(Dataset excerpts)
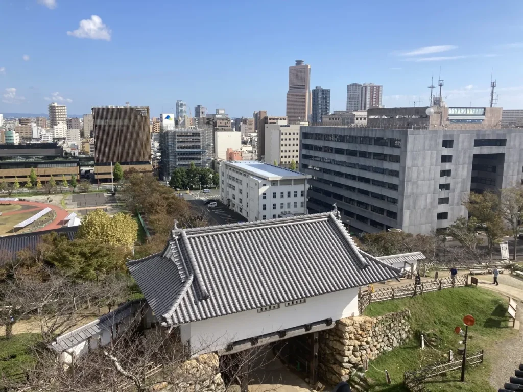 現在では周辺が市街地化され、天守閣からは隣接する浜松市役所やランドマークとなっているハーモニカ型の「ホテルオークラ」も見られます。
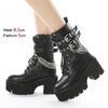 8.5cm Heels 2024 New Thick Heel Side Zipper Thick Bottom Rivet Belt Buckle Muffin Women's Chain Boots Lhx
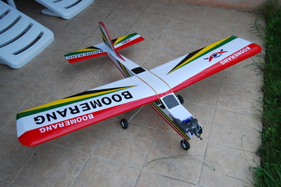 Estoy muy contento de anunciar que ya tengo casi finalizado mi primer ARF, un boomerang 40, con un OS .40 y una modificacion para alerones independientes con dos servos. Solo me quedan algunos ajustes de los mandos y montar la helice. Tambien le he puesto un interruptor con led y conector externo para cargar la bateria sin desmontarla bastante practico.
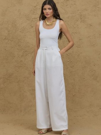 Ketenli Palazzo Pantolon Beyaz
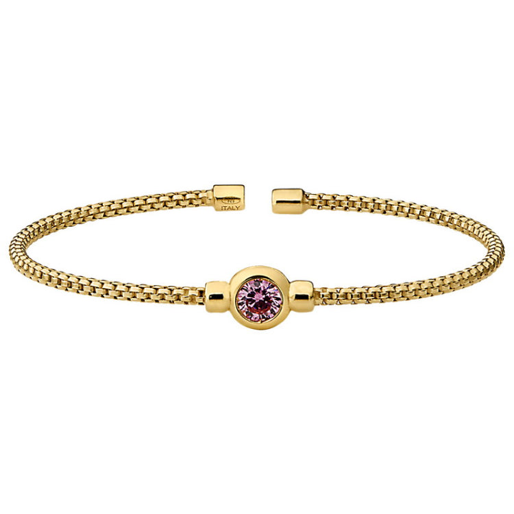 Gold finish sterling silver rounded box link cuff bracelet with bezel set simulated pink sapphire birth gem
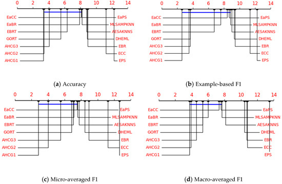 where the significance level α = 0.05, k represents the number of algorithms, and N represents the number of datasets; in this experiment, k = 14, and N = 12. Calculated using the formula, CD = 5.26. Figure 4 shows the CD plots on the assessment indicator accuracy, example-based F1, micro-averaged F1, and macro-averaged F1, where the average ranking of each algorithm is marked along the axis.
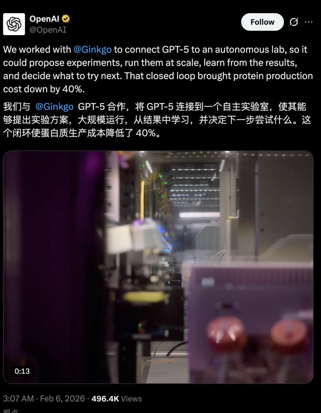 这是一家做合成生物学的实验室型公司,他们将GPT-5接入一座自主实验室,让模型可以提出实验方案、规模化执行实验、从结果中学习,并决定下一步该尝试什么,完整跑通了一个闭环。
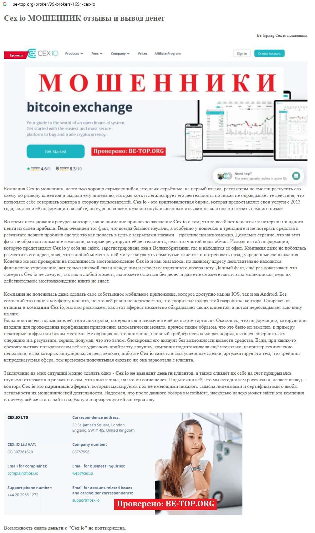 Связываться с мошеннической организацией CEX не рекомендуем потому, что возможность вывести деньги со счета на сайте шулеров не подтверждена.
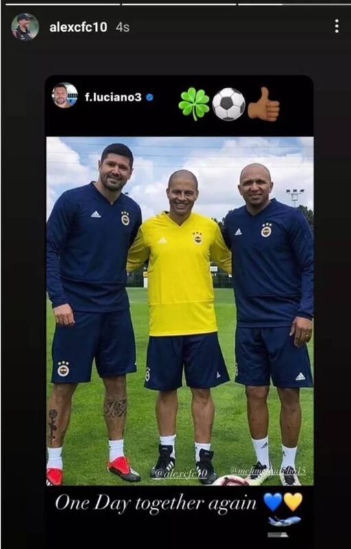 Sarı-Lacivertli ekibin eski futbolcularından Fabio Luciano'nun, Mehmet Aurelio ve Alex'in bulunduğu "Bir gün yeniden birlikte" şeklindeki paylaşımını, kendi sosyal medya hesabından takipçilerine aktaran Alex, Fenerbahçe taraftarlarını heyecanlandırdı.
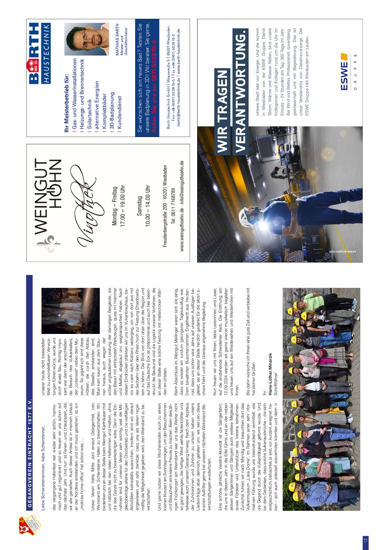 Nun freuen wir uns mit Ihnen, liebe Leserinnen und Leser, auf die anstehende Schiersteiner Kerb. Die Eröffnung am 12.09.2024 werden wir gerne wieder musikalisch begleiten und freuen uns auf ein Wiedersehen und Wiederhören mit Ihnen.
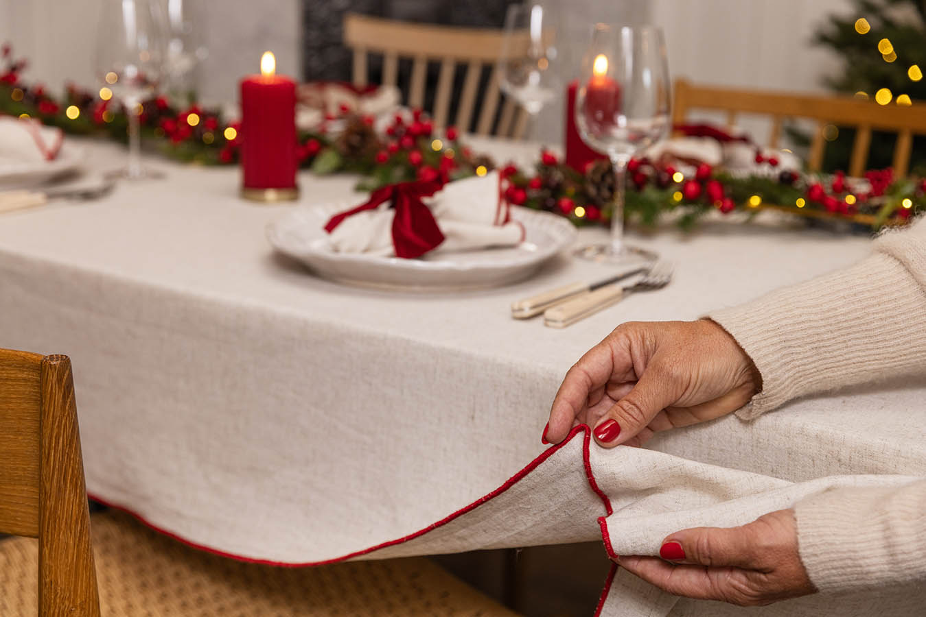 Et vakkert dekket julebord setter stemningen for en god middagsopplevelse. Lona er en naturfarget duk i linblanding med en rød, delikat søm rundt kanten. En klassisk juleduk du kan hente frem år etter år. I serien finner du også matchende tekstilservietter.
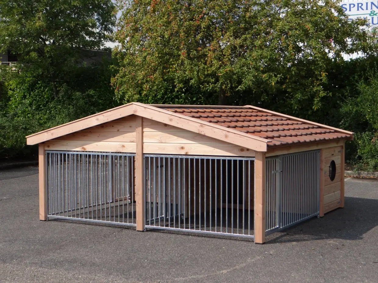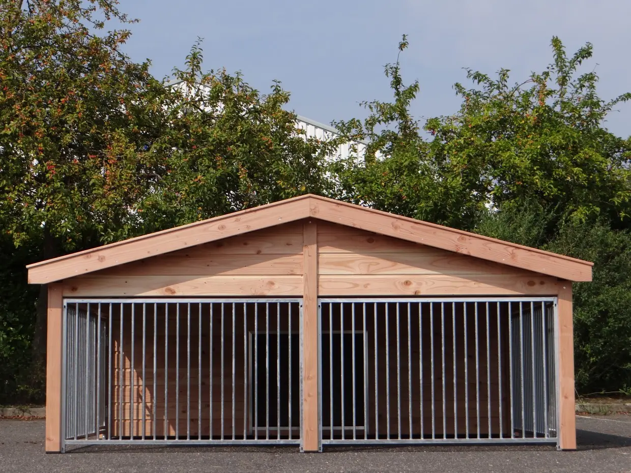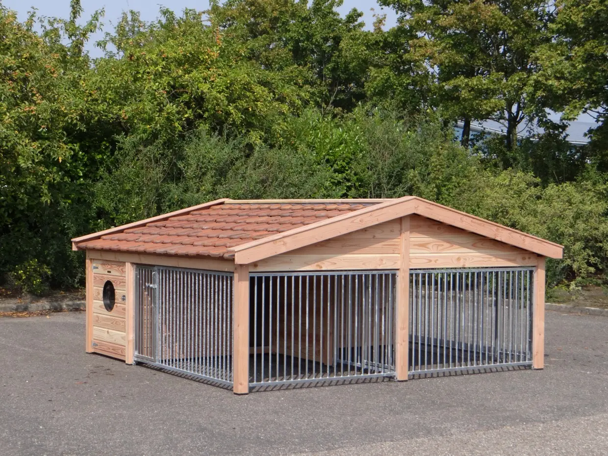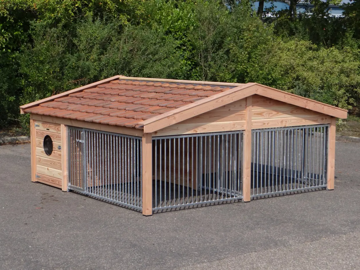 Der Hundezwinger Rex 2 Compart ist aus Douglasie gefertigt und mit gebrauchten Keramikdachziegeln ausgestattet. Die Hundehütte Rex 2 Compart ist ideal für die Unterbringung von 2 Hunden, die jedoch voneinander getrennt sind. Der Hundeauslauf wird nicht standardmäßig mit einem schwenkbaren Futtergestell geliefert, dieses ist jedoch optional erhältlich. Der Hundezwinger Rex Compart Douglas verfügt über 2 große Schlafplätze mit einem Boden aus Betonsperrholz. Der Zwinger ist mit verzinkten Paneelen ausgestattet. Es können sogar 4 Hunde darin untergebracht werden.
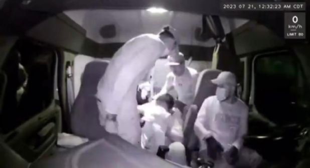 Posteriormente, se aprecia como los otros dos delincuentes, llevan al chofer a la parte de atrás y corren una cortina para tapar la vista, acto seguido el video se corta.
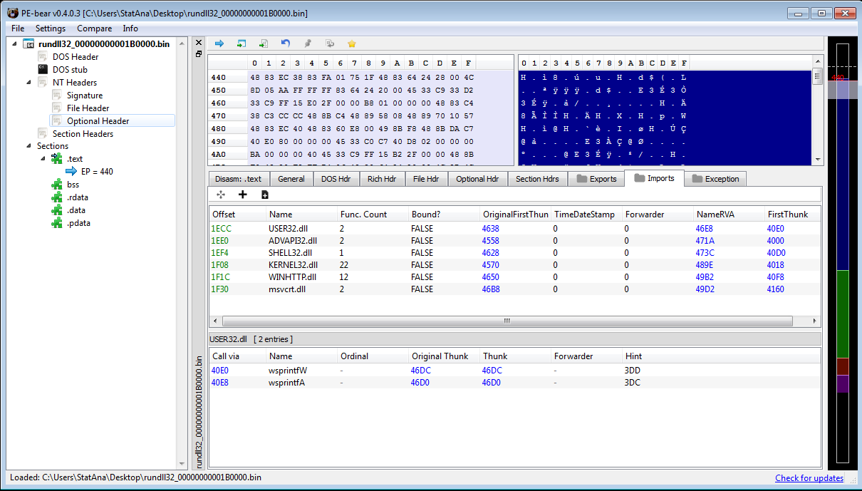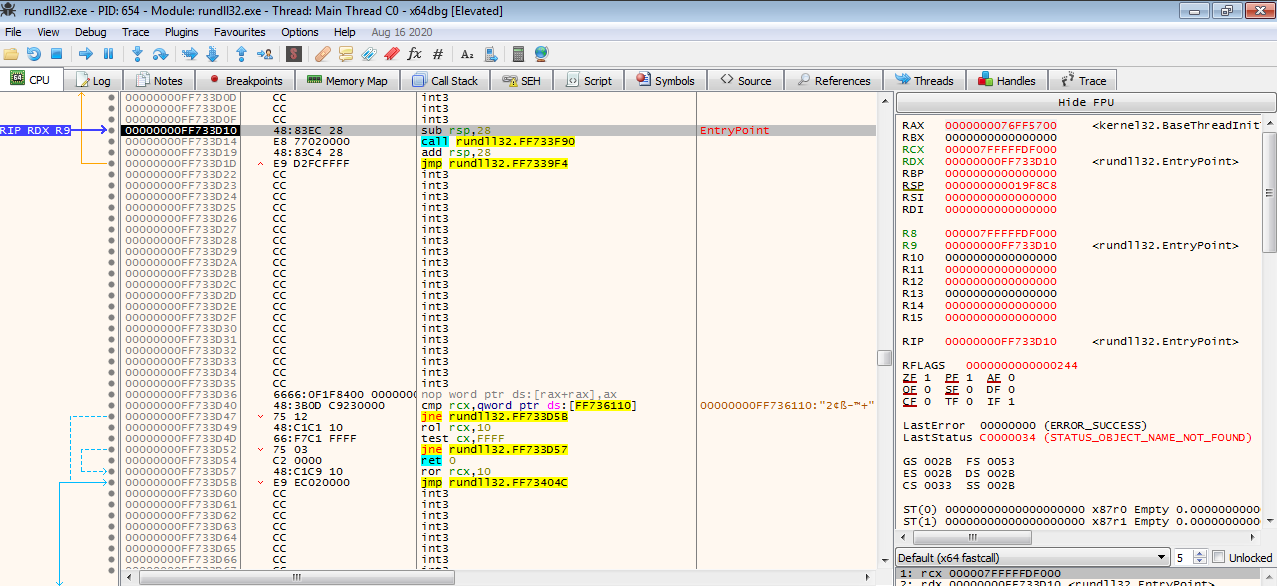 Hitting F9 (Run) or clicking on the right arrow places us in the Rundll process

■ Activity
Repeat the lines above, starting at the first and stopping after the line that holds "Gold finish sterling", with the pictures left out.

■ Result below
 現在では周辺が市街地化され、天守閣からは隣接する浜松市役所やランドマークとなっているハーモニカ型の「ホテルオークラ」も見られます。
 8.5cm Heels 2024 New Thick Heel Side Zipper Thick Bottom Rivet Belt Buckle Muffin Women's Chain Boots Lhx
 Estoy muy contento de anunciar que ya tengo casi finalizado mi primer ARF, un boomerang 40, con un OS .40 y una modificacion para alerones independientes con dos servos. Solo me quedan algunos ajustes de los mandos y montar la helice. Tambien le he puesto un interruptor con led y conector externo para cargar la bateria sin desmontarla bastante practico.
 Ketenli Palazzo Pantolon Beyaz
 Gold finish sterling silver rounded box link cuff bracelet with bezel set simulated pink sapphire birth gem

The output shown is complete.